Print the data exactly. Pictures stay out.
[Start of section]
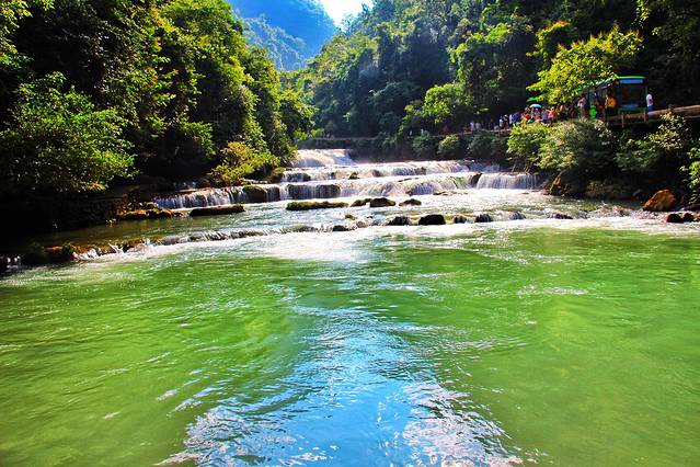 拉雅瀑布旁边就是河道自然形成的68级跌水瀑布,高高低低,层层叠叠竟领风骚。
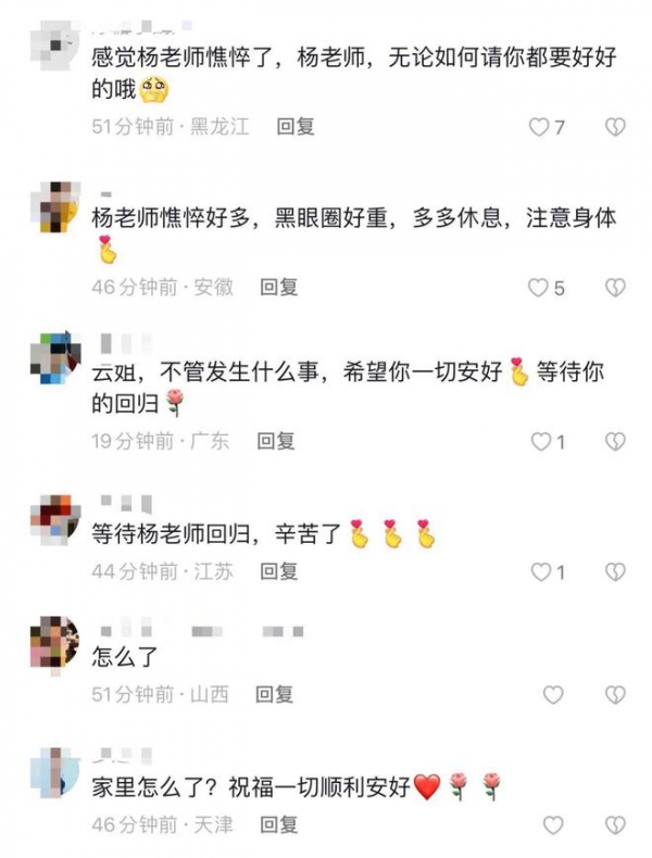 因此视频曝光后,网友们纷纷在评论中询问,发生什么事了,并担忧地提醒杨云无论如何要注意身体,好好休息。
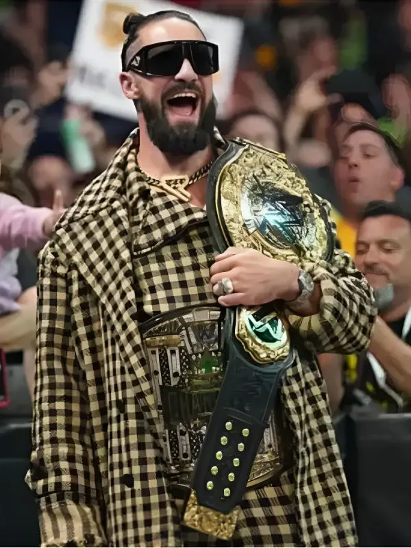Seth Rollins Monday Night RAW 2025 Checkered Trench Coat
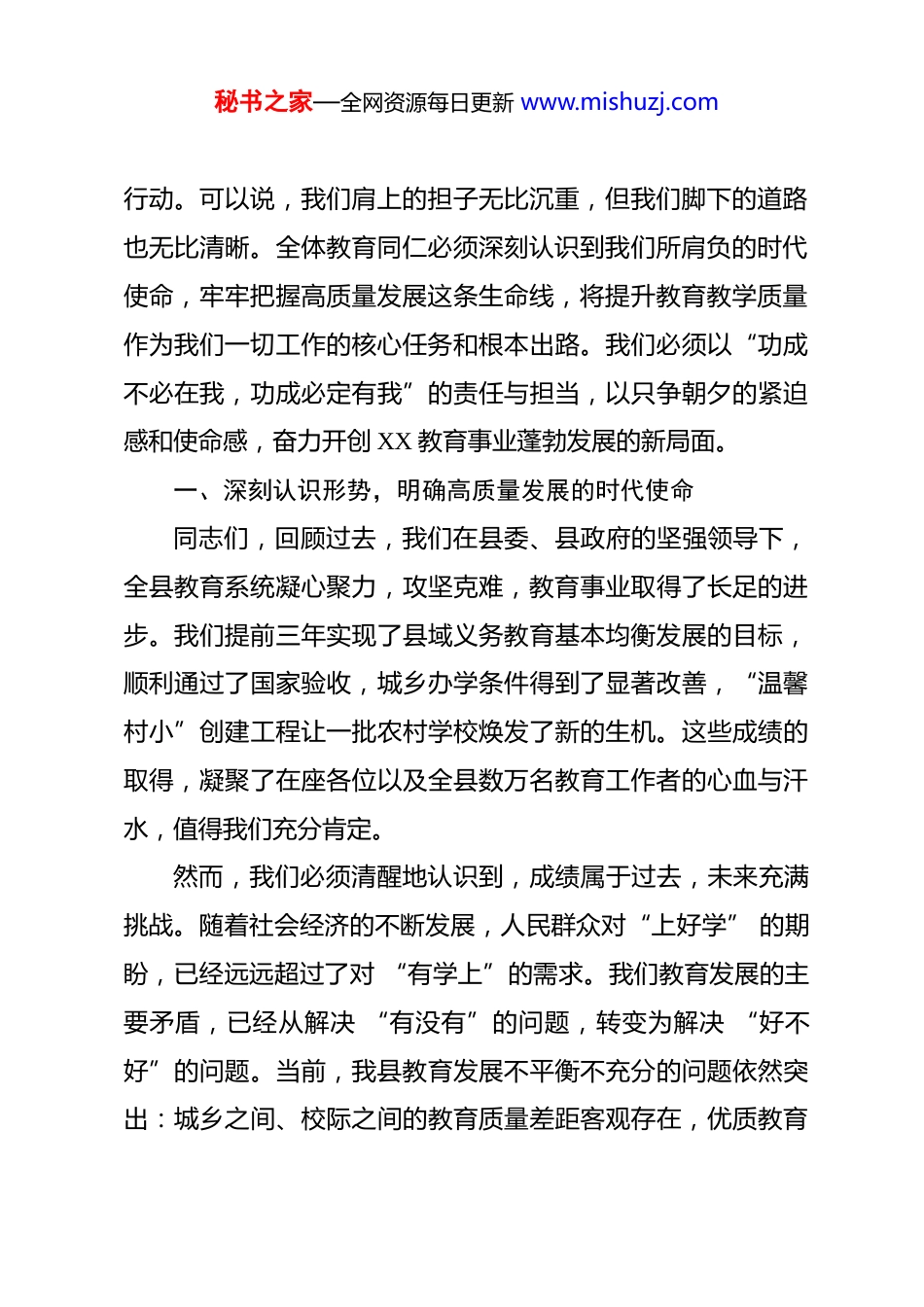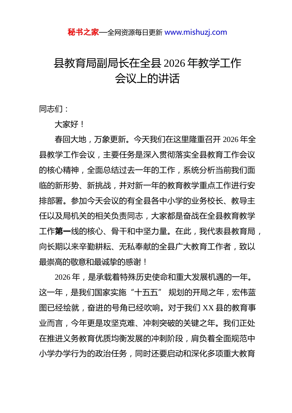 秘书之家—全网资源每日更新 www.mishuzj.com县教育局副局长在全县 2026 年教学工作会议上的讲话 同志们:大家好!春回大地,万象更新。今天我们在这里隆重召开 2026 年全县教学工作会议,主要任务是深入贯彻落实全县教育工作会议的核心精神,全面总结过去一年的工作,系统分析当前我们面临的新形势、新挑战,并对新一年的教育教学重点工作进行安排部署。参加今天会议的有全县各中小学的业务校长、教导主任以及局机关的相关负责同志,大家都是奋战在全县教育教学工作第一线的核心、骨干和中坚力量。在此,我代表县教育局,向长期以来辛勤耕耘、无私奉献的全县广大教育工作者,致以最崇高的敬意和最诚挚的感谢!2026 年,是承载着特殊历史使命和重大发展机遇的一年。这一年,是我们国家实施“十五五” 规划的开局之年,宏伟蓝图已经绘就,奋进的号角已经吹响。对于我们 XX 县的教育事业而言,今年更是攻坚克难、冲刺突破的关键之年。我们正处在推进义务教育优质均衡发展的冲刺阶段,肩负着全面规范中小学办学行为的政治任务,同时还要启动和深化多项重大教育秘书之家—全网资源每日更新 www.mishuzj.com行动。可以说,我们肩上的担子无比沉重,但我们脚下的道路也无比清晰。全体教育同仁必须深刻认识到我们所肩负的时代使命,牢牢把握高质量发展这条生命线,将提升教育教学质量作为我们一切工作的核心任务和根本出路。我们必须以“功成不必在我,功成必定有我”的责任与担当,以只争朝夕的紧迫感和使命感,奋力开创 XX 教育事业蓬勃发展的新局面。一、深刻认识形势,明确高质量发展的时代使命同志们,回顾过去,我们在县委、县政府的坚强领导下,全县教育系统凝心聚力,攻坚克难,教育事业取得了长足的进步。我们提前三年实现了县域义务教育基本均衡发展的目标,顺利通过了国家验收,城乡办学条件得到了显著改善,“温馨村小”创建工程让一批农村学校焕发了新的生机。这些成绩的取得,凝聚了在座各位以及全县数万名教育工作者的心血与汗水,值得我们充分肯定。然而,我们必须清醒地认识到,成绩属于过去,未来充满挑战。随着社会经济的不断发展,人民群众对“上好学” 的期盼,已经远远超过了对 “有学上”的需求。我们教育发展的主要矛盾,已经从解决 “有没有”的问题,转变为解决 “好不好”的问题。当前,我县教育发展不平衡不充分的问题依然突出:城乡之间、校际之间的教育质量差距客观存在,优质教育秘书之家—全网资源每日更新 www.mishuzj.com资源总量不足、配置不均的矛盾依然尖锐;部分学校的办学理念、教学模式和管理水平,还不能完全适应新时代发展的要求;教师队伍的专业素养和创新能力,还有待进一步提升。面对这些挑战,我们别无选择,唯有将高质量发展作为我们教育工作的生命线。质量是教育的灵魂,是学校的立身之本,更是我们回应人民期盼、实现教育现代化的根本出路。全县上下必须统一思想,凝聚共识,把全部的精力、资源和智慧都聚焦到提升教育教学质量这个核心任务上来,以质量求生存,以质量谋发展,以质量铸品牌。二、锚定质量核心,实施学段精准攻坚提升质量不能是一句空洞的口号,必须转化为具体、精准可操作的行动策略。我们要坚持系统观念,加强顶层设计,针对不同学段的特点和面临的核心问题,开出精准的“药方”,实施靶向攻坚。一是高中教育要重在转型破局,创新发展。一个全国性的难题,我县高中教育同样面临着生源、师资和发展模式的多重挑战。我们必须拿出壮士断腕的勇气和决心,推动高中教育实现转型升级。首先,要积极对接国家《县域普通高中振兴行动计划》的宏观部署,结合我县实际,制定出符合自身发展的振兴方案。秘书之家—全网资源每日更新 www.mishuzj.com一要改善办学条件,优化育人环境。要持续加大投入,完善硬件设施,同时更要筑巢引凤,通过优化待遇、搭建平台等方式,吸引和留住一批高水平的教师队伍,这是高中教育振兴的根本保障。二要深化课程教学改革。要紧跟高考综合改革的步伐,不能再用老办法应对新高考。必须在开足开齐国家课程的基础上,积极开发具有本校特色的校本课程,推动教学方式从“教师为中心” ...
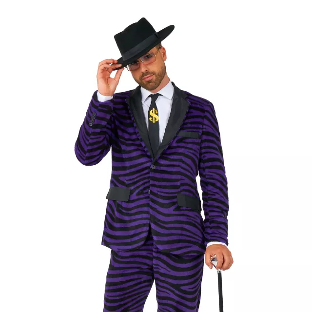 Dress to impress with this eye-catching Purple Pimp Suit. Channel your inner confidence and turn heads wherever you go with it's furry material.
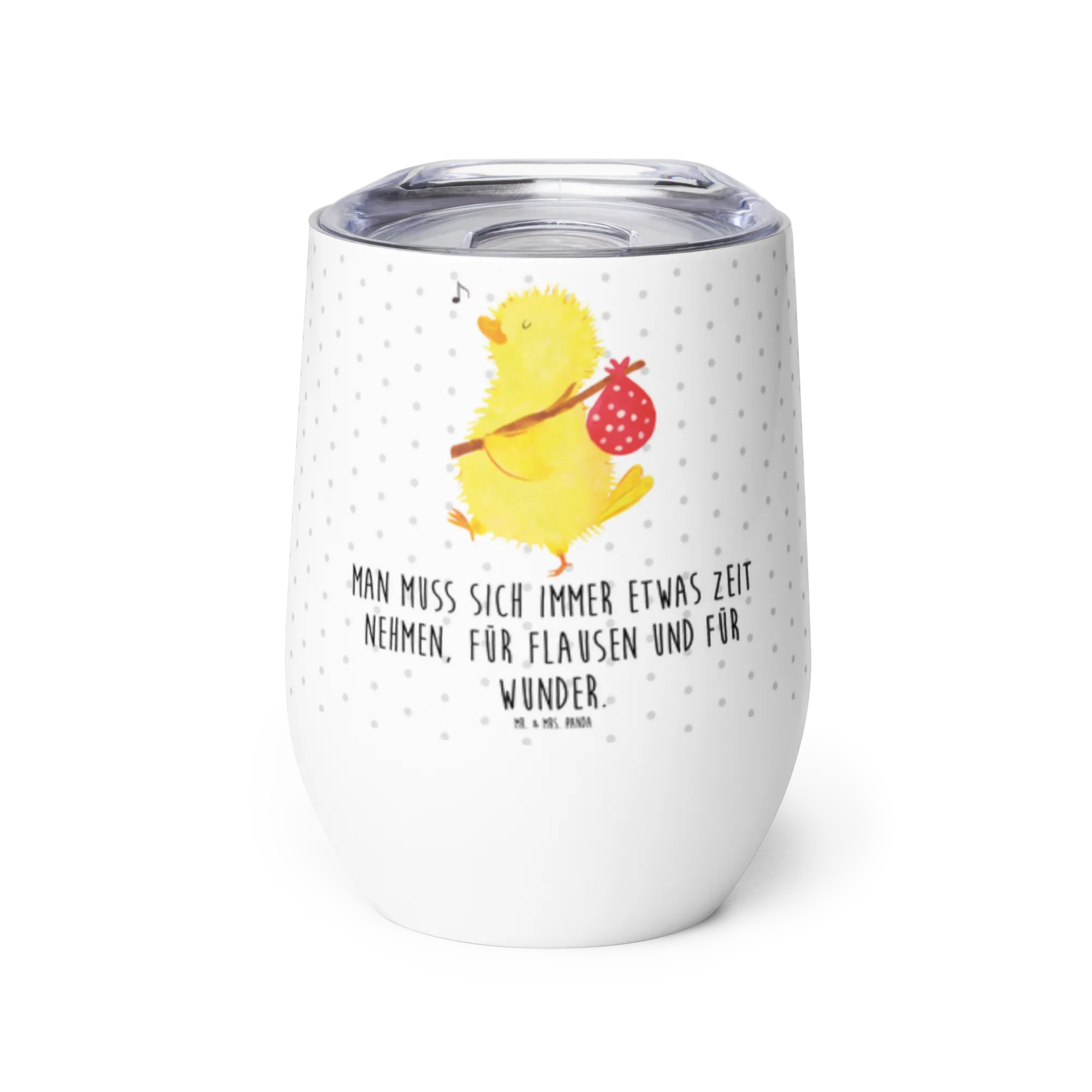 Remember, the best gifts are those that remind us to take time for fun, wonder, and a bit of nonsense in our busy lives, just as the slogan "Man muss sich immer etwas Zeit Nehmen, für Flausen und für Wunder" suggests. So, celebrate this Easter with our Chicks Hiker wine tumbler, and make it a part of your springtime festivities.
[End of section]
### SOLUTION TO THIS TASK:
 拉雅瀑布旁边就是河道自然形成的68级跌水瀑布,高高低低,层层叠叠竟领风骚。
 因此视频曝光后,网友们纷纷在评论中询问,发生什么事了,并担忧地提醒杨云无论如何要注意身体,好好休息。
Seth Rollins Monday Night RAW 2025 Checkered Trench Coat
 秘书之家—全网资源每日更新 www.mishuzj.com县教育局副局长在全县 2026 年教学工作会议上的讲话 同志们:大家好!春回大地,万象更新。今天我们在这里隆重召开 2026 年全县教学工作会议,主要任务是深入贯彻落实全县教育工作会议的核心精神,全面总结过去一年的工作,系统分析当前我们面临的新形势、新挑战,并对新一年的教育教学重点工作进行安排部署。参加今天会议的有全县各中小学的业务校长、教导主任以及局机关的相关负责同志,大家都是奋战在全县教育教学工作第一线的核心、骨干和中坚力量。在此,我代表县教育局,向长期以来辛勤耕耘、无私奉献的全县广大教育工作者,致以最崇高的敬意和最诚挚的感谢!2026 年,是承载着特殊历史使命和重大发展机遇的一年。这一年,是我们国家实施“十五五” 规划的开局之年,宏伟蓝图已经绘就,奋进的号角已经吹响。对于我们 XX 县的教育事业而言,今年更是攻坚克难、冲刺突破的关键之年。我们正处在推进义务教育优质均衡发展的冲刺阶段,肩负着全面规范中小学办学行为的政治任务,同时还要启动和深化多项重大教育秘书之家—全网资源每日更新 www.mishuzj.com行动。可以说,我们肩上的担子无比沉重,但我们脚下的道路也无比清晰。全体教育同仁必须深刻认识到我们所肩负的时代使命,牢牢把握高质量发展这条生命线,将提升教育教学质量作为我们一切工作的核心任务和根本出路。我们必须以“功成不必在我,功成必定有我”的责任与担当,以只争朝夕的紧迫感和使命感,奋力开创 XX 教育事业蓬勃发展的新局面。一、深刻认识形势,明确高质量发展的时代使命同志们,回顾过去,我们在县委、县政府的坚强领导下,全县教育系统凝心聚力,攻坚克难,教育事业取得了长足的进步。我们提前三年实现了县域义务教育基本均衡发展的目标,顺利通过了国家验收,城乡办学条件得到了显著改善,“温馨村小”创建工程让一批农村学校焕发了新的生机。这些成绩的取得,凝聚了在座各位以及全县数万名教育工作者的心血与汗水,值得我们充分肯定。然而,我们必须清醒地认识到,成绩属于过去,未来充满挑战。随着社会经济的不断发展,人民群众对“上好学” 的期盼,已经远远超过了对 “有学上”的需求。我们教育发展的主要矛盾,已经从解决 “有没有”的问题,转变为解决 “好不好”的问题。当前,我县教育发展不平衡不充分的问题依然突出:城乡之间、校际之间的教育质量差距客观存在,优质教育秘书之家—全网资源每日更新 www.mishuzj.com资源总量不足、配置不均的矛盾依然尖锐;部分学校的办学理念、教学模式和管理水平,还不能完全适应新时代发展的要求;教师队伍的专业素养和创新能力,还有待进一步提升。面对这些挑战,我们别无选择,唯有将高质量发展作为我们教育工作的生命线。质量是教育的灵魂,是学校的立身之本,更是我们回应人民期盼、实现教育现代化的根本出路。全县上下必须统一思想,凝聚共识,把全部的精力、资源和智慧都聚焦到提升教育教学质量这个核心任务上来,以质量求生存,以质量谋发展,以质量铸品牌。二、锚定质量核心,实施学段精准攻坚提升质量不能是一句空洞的口号,必须转化为具体、精准可操作的行动策略。我们要坚持系统观念,加强顶层设计,针对不同学段的特点和面临的核心问题,开出精准的“药方”,实施靶向攻坚。一是高中教育要重在转型破局,创新发展。一个全国性的难题,我县高中教育同样面临着生源、师资和发展模式的多重挑战。我们必须拿出壮士断腕的勇气和决心,推动高中教育实现转型升级。首先,要积极对接国家《县域普通高中振兴行动计划》的宏观部署,结合我县实际,制定出符合自身发展的振兴方案。秘书之家—全网资源每日更新 www.mishuzj.com一要改善办学条件,优化育人环境。要持续加大投入,完善硬件设施,同时更要筑巢引凤,通过优化待遇、搭建平台等方式,吸引和留住一批高水平的教师队伍,这是高中教育振兴的根本保障。二要深化课程教学改革。要紧跟高考综合改革的步伐,不能再用老办法应对新高考。必须在开足开齐国家课程的基础上,积极开发具有本校特色的校本课程,推动教学方式从“教师为中心” ...
 Dress to impress with this eye-catching Purple Pimp Suit. Channel your inner confidence and turn heads wherever you go with it's furry material.
 Remember, the best gifts are those that remind us to take time for fun, wonder, and a bit of nonsense in our busy lives, just as the slogan "Man muss sich immer etwas Zeit Nehmen, für Flausen und für Wunder" suggests. So, celebrate this Easter with our Chicks Hiker wine tumbler, and make it a part of your springtime festivities.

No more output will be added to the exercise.